• **PROBLEM TO SOLVE**: Please write out every line of the material, leaving out any picture.

• **SOURCE MATERIAL**:
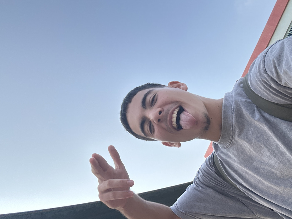 A young adult male is depicted in a low-angle outdoor photograph, positioned against a clear light blue sky. He possesses short dark hair, dark eyebrows, and minimal facial hair on his chin and jawline. His mouth is open in a wide smile, and his tongue is extended. His left hand is raised, forming a "V" gesture. He is wearing a light grey, textured long-sleeved shirt, and a dark olive-green strap, consistent with a backpack, is visible over his right shoulder. A dark structural element is present in the upper left of the frame. In the background to the right, a building with an orange-red upper section and a lighter-colored lower section featuring horizontal louvers or window bars is partially visible. The scene is located in Tel Aviv, Israel.
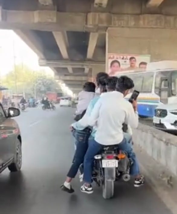 वायरल वीडियो में साफ दिख रहा है कि चलती बाइक पर चार युवक सवार हैं और एक युवक को चारों ने हाथों में थामकर साइड में लटकाया हुआ है। सड़क पर मौजूद लोग भी यह दृश्य देखकर हैरान रह गए। किसी ने इसका वीडियो बनाकर वायरल कर दिया।
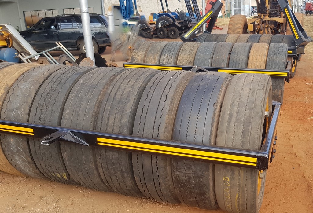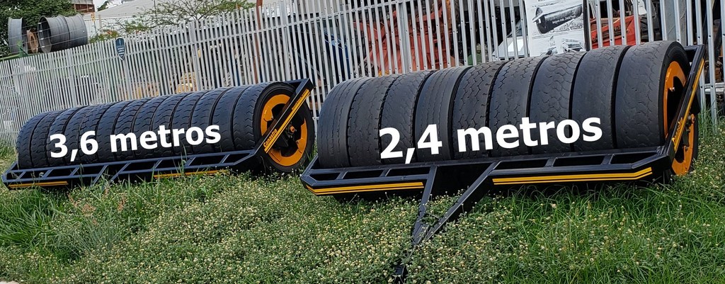 Única operação distribui semente a lanço (com distribuidor montado no hidráulico de três pontos do trator) e ao mesmo tempo, arrasta o rolo compactador no rabicho do trator, desviando a semente para o solo na frente do rolo, permitindo uma perfeita semeadura e boa compactação.
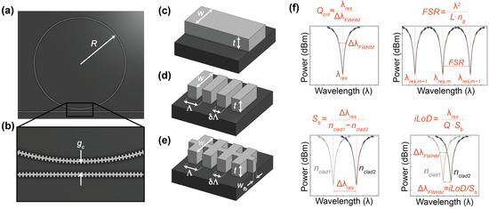 Three metrics that are particularly valuable for evaluating SiP sensor performance and comparing different resonator architectures are the bulk sensitivity, Sb, quality factor, Q, and intrinsic limit of detection, iLoD [21,27]. The bulk sensitivity is defined as the change in λres for a one unit change in the bulk refractive index [27]:
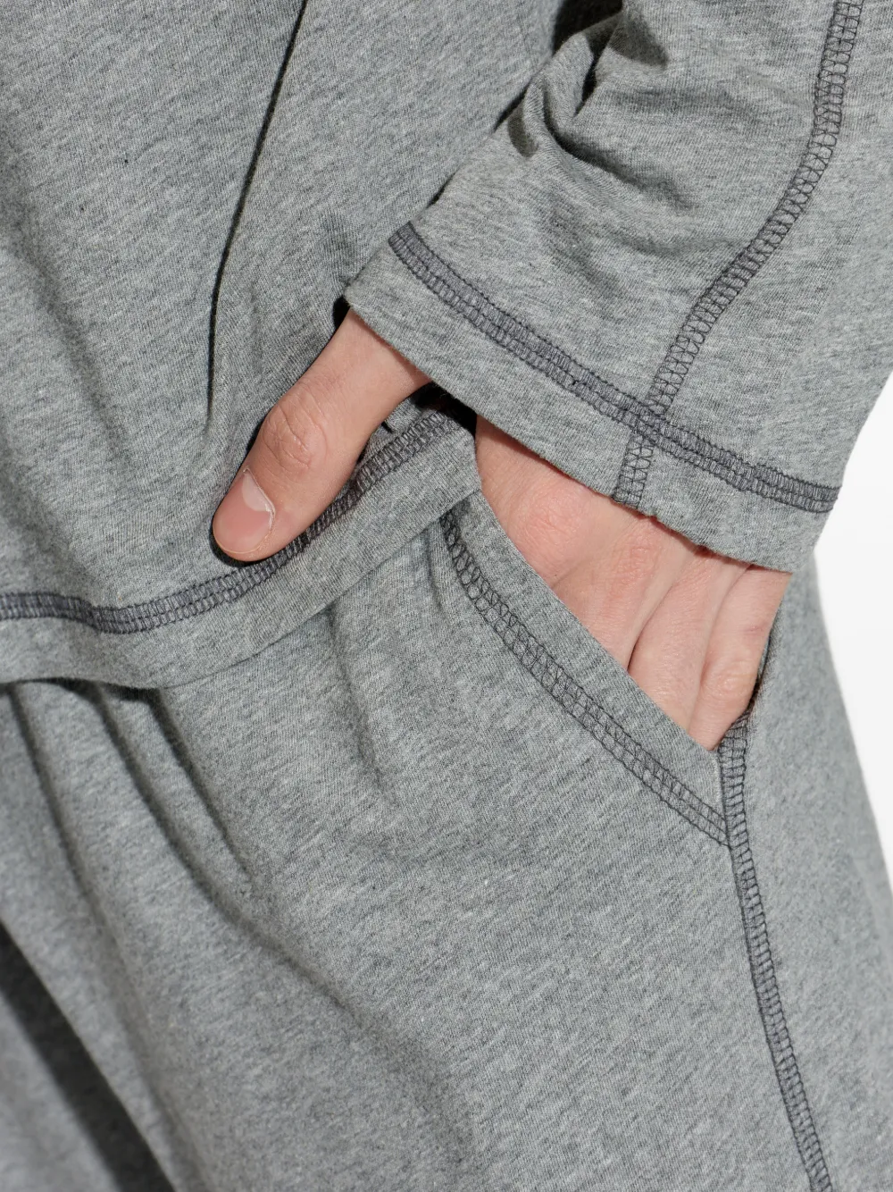 Серый цвет, эластичный пояс, круглый вырез, длинные рукава, логотип
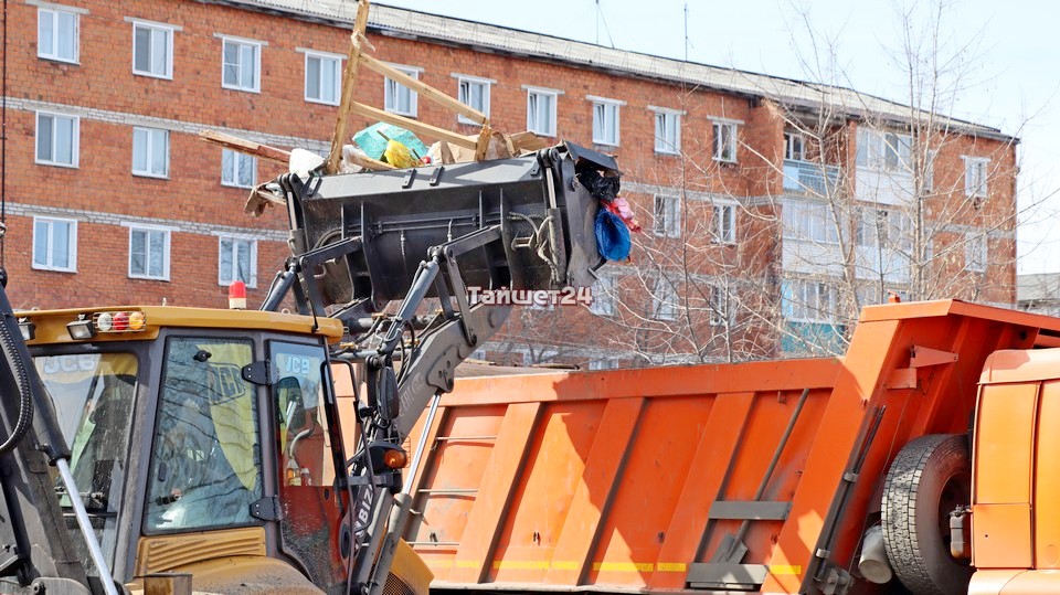 Скопившиеся за неустановленный срок мусорные курганы начали разгребать в Тайшете. Для этого привлекли дополнительную технику.

• **ANSWER TO THE EXERCISE**:
 A young adult male is depicted in a low-angle outdoor photograph, positioned against a clear light blue sky. He possesses short dark hair, dark eyebrows, and minimal facial hair on his chin and jawline. His mouth is open in a wide smile, and his tongue is extended. His left hand is raised, forming a "V" gesture. He is wearing a light grey, textured long-sleeved shirt, and a dark olive-green strap, consistent with a backpack, is visible over his right shoulder. A dark structural element is present in the upper left of the frame. In the background to the right, a building with an orange-red upper section and a lighter-colored lower section featuring horizontal louvers or window bars is partially visible. The scene is located in Tel Aviv, Israel.
 वायरल वीडियो में साफ दिख रहा है कि चलती बाइक पर चार युवक सवार हैं और एक युवक को चारों ने हाथों में थामकर साइड में लटकाया हुआ है। सड़क पर मौजूद लोग भी यह दृश्य देखकर हैरान रह गए। किसी ने इसका वीडियो बनाकर वायरल कर दिया।
 Única operação distribui semente a lanço (com distribuidor montado no hidráulico de três pontos do trator) e ao mesmo tempo, arrasta o rolo compactador no rabicho do trator, desviando a semente para o solo na frente do rolo, permitindo uma perfeita semeadura e boa compactação.
 Three metrics that are particularly valuable for evaluating SiP sensor performance and comparing different resonator architectures are the bulk sensitivity, Sb, quality factor, Q, and intrinsic limit of detection, iLoD [21,27]. The bulk sensitivity is defined as the change in λres for a one unit change in the bulk refractive index [27]:
 Серый цвет, эластичный пояс, круглый вырез, длинные рукава, логотип
 Скопившиеся за неустановленный срок мусорные курганы начали разгребать в Тайшете. Для этого привлекли дополнительную технику.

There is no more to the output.